No institution embodies the valley's story like DAP Health. Founded by community volunteers in 1984 as the Desert AIDS Project — at the epidemic's darkest hour — it grew from a grassroots response into a Federally Qualified Health Center and a regional network serving hundreds of thousands across Riverside and San Diego counties, with primary care, behavioral health, dentistry, and one of the country's most comprehensive wraparound models. Its beloved Revivals resale stores and gala calendar are marquee community touchpoints. Four decades of showing up gives DAP Health a credibility no brand can buy — but the right partners can borrow it.

Around it stands a full care ecosystem: Desert Oasis Healthcare, a valley-wide primary and immediate-care network with the senior-care depth a heavily Medicare-age LGBTQ+ population requires (and producer of the "Ask a Gay Doc" series in the #ILoveGayPalmSprings network); Eisenhower Health, the flagship nonprofit hospital system in Rancho Mirage with a dedicated LGBTQ+ services program and 2026 HEI High Performer status; and Desert Regional Medical Center, a 2026 HEI Leader with a perfect score. Between them, health brands find something almost nowhere else offers: providers who don't need to be taught the basics. Campaigns here just need to show up, sponsor, and sustain.

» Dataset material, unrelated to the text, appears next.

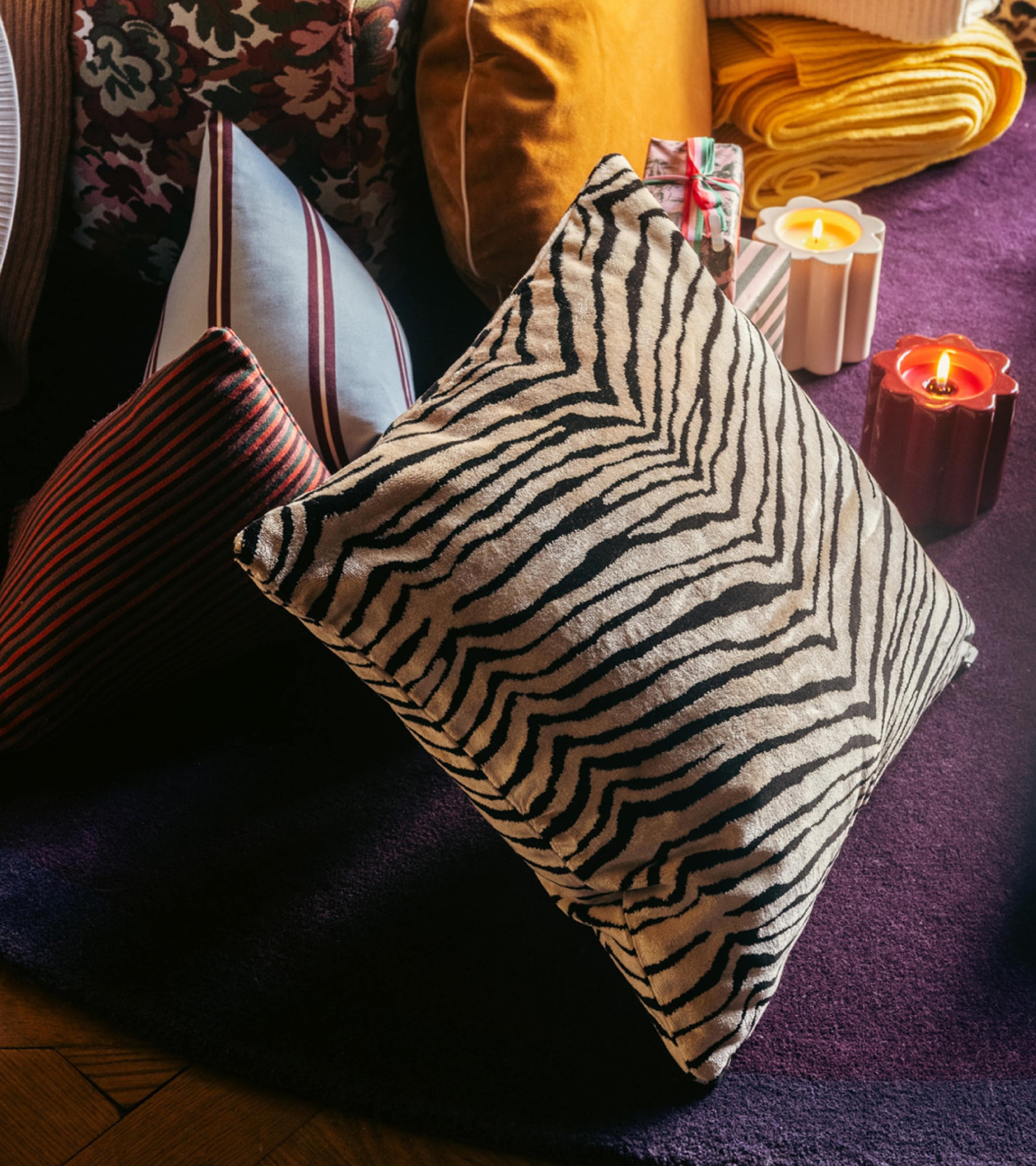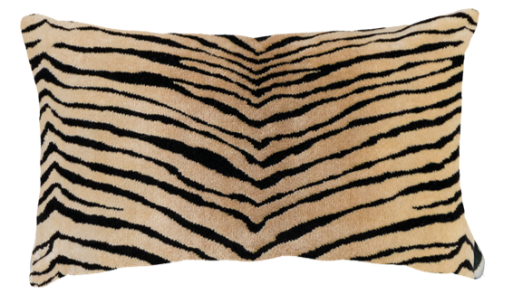 Bold and luxurious, the Carino cushion in tiger-patterned velvet is a true statement piece. Crafted in France from a rich jacquard blend, it adds a touch of wild elegance to any interior – from classic to contemporary.

DAP Health — FQHC, est. 1984 Desert Oasis Healthcare Eisenhower Health — HEI High Performer Desert Regional — HEI Leader (100)

Infrastructure & the Calendar

A Scene? No — an Infrastructure, 365 Days a Year

The civic backbone runs deep. The Desert Business Association (est. 1979) is one of the oldest LGBTQ+ business organizations in the country and the only LGBTQ+ chamber in the Coachella Valley — 300+ member businesses, and the single most efficient handshake with the local community. The LGBTQ Community Center of the Desert anchors mental health, youth, senior and cultural programming valley-wide. Uniquely, the market is promoted by two destination marketing organizations — Visit Palm Springs and Visit Greater Palm Springs — both of which treat LGBTQ+ outreach as core strategy, not a June microsite. And Greater Palm Springs Pride heads into its 40th year.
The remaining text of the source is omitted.